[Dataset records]

════

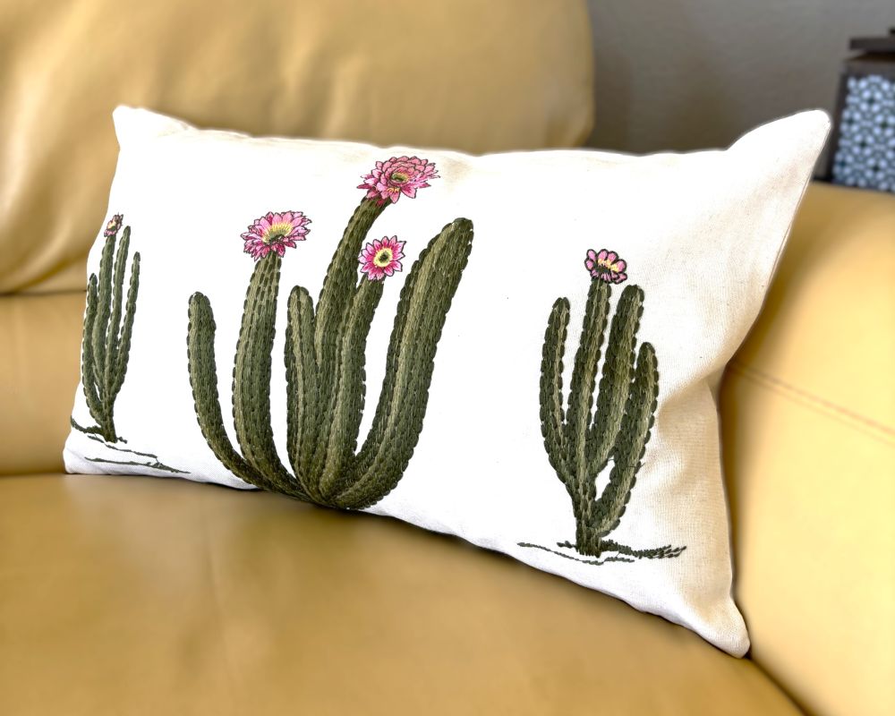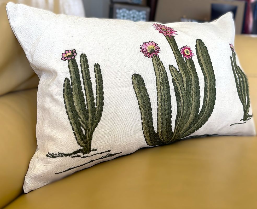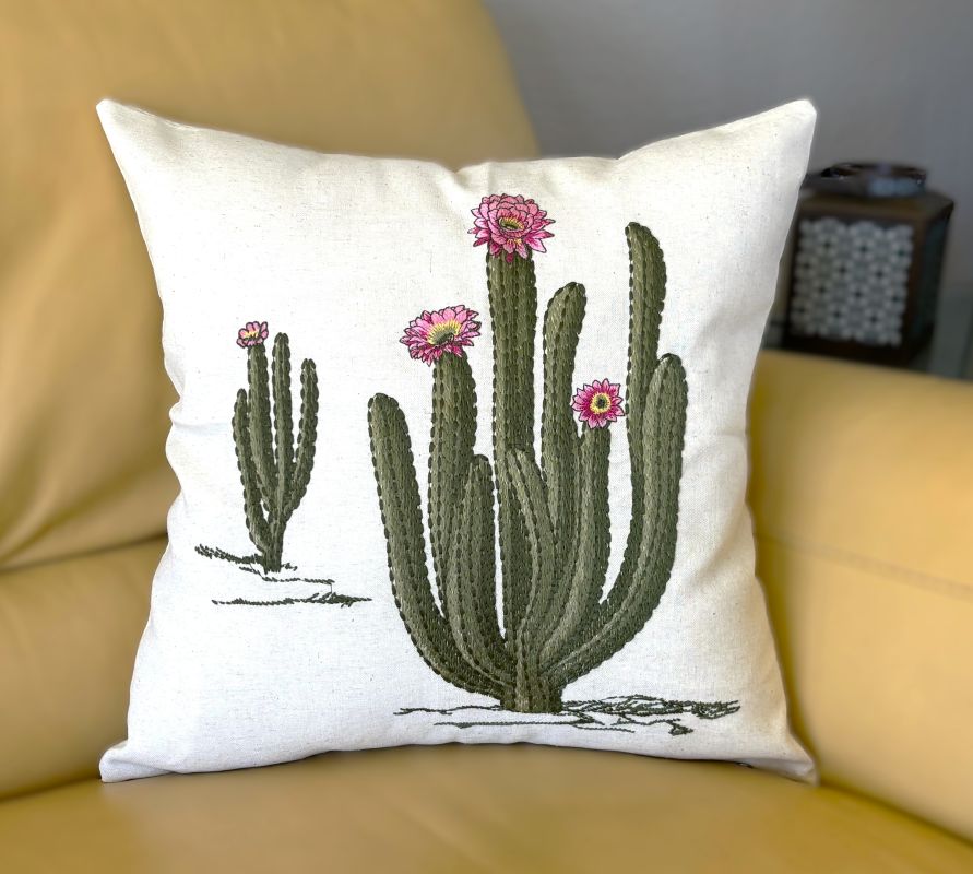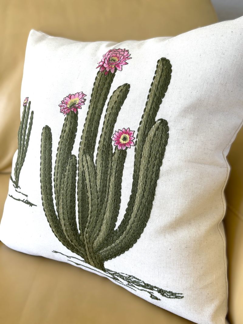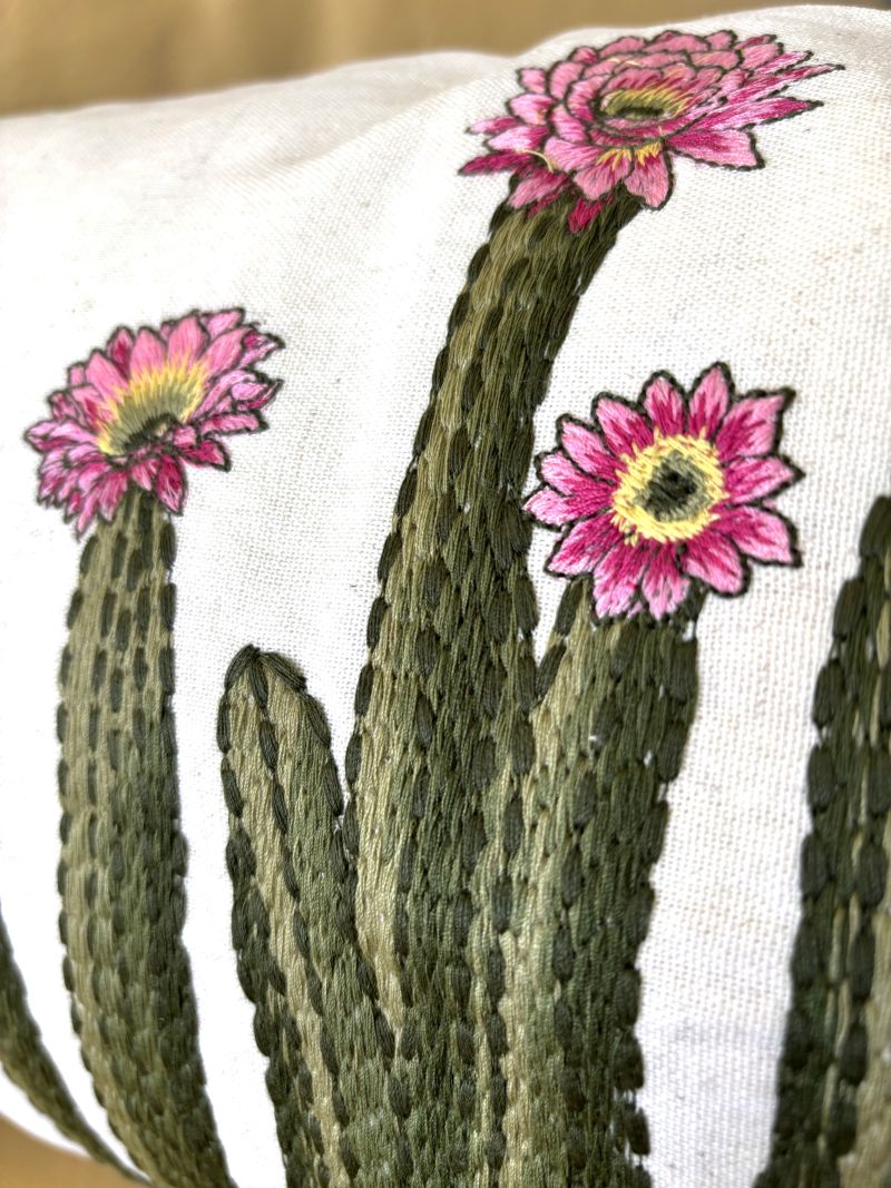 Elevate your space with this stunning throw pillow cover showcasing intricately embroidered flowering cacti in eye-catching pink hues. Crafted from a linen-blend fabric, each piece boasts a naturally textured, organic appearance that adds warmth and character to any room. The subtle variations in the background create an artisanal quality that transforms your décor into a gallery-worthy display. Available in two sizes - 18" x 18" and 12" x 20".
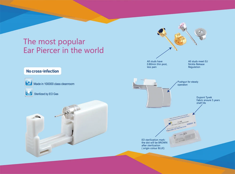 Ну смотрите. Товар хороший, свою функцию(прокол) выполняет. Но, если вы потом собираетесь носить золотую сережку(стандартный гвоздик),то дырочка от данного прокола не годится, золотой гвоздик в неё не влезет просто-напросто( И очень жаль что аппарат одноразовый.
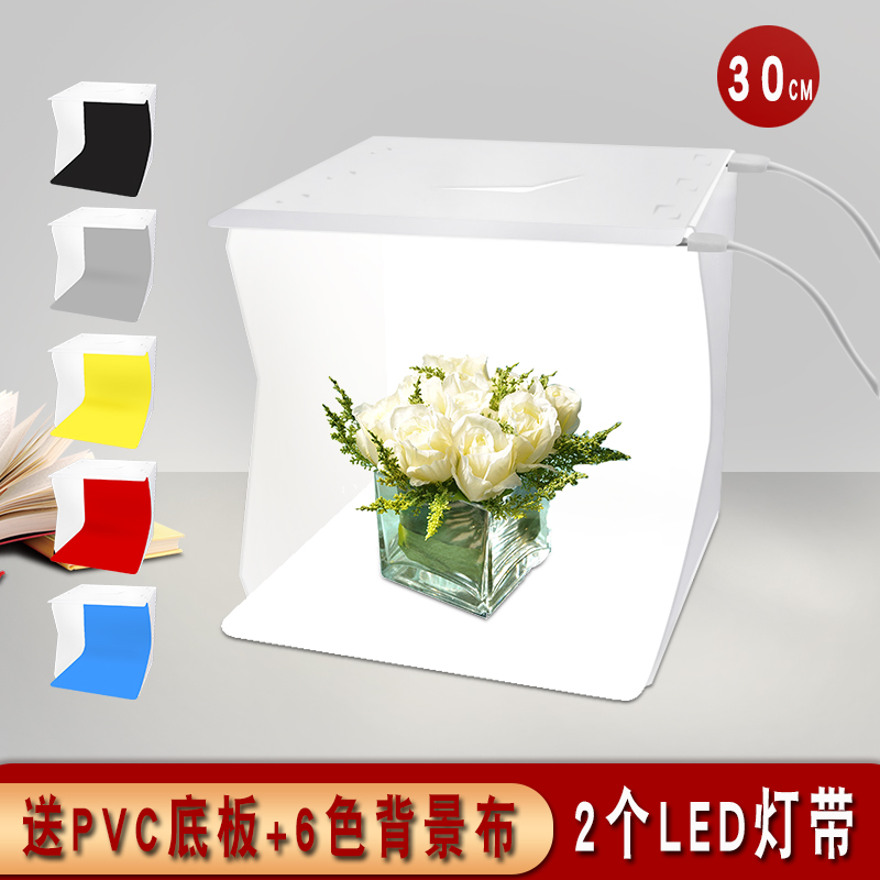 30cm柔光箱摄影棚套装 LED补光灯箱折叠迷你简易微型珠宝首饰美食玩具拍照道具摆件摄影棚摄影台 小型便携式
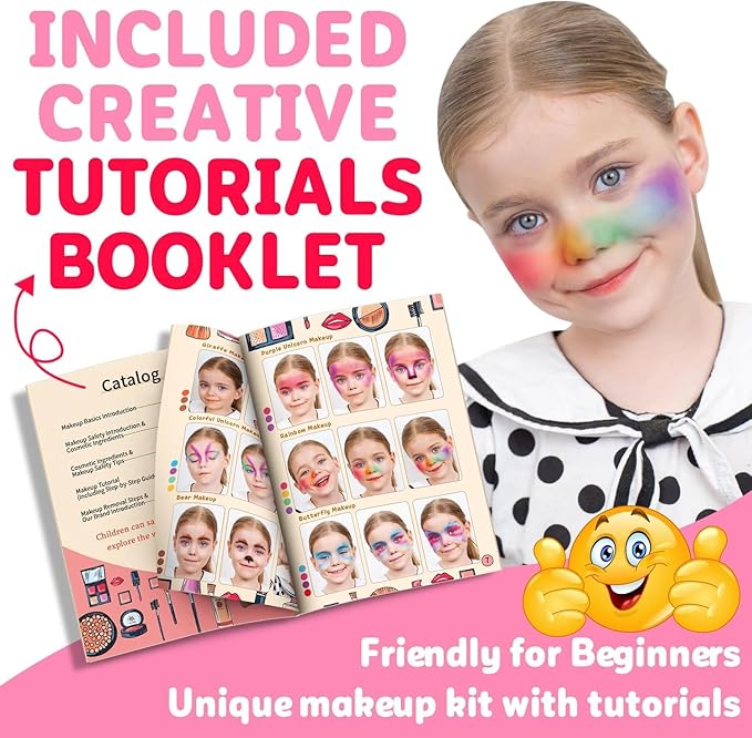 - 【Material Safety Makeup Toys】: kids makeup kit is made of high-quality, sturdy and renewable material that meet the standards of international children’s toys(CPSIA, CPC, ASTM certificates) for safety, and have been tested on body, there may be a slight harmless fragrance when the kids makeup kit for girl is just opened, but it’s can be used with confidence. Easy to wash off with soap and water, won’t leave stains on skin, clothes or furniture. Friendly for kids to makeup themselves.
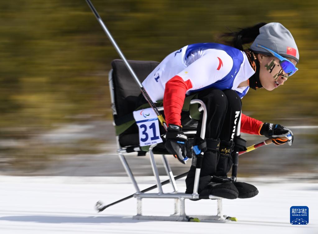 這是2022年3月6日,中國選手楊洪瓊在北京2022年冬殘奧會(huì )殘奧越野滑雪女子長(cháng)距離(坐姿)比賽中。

════

§ WHAT YOU ARE ASKED TO DO: Omit the pictures and write out the lines above from the one with "30cm柔光箱摄影棚套装 LED补光灯箱折叠迷你简易微型珠宝首饰美食玩具拍照道具摆件摄影棚摄影台 小型便携式" through the last, unchanged.

§ SOLUTION:
 30cm柔光箱摄影棚套装 LED补光灯箱折叠迷你简易微型珠宝首饰美食玩具拍照道具摆件摄影棚摄影台 小型便携式
 - 【Material Safety Makeup Toys】: kids makeup kit is made of high-quality, sturdy and renewable material that meet the standards of international children’s toys(CPSIA, CPC, ASTM certificates) for safety, and have been tested on body, there may be a slight harmless fragrance when the kids makeup kit for girl is just opened, but it’s can be used with confidence. Easy to wash off with soap and water, won’t leave stains on skin, clothes or furniture. Friendly for kids to makeup themselves.
 這是2022年3月6日,中國選手楊洪瓊在北京2022年冬殘奧會(huì )殘奧越野滑雪女子長(cháng)距離(坐姿)比賽中。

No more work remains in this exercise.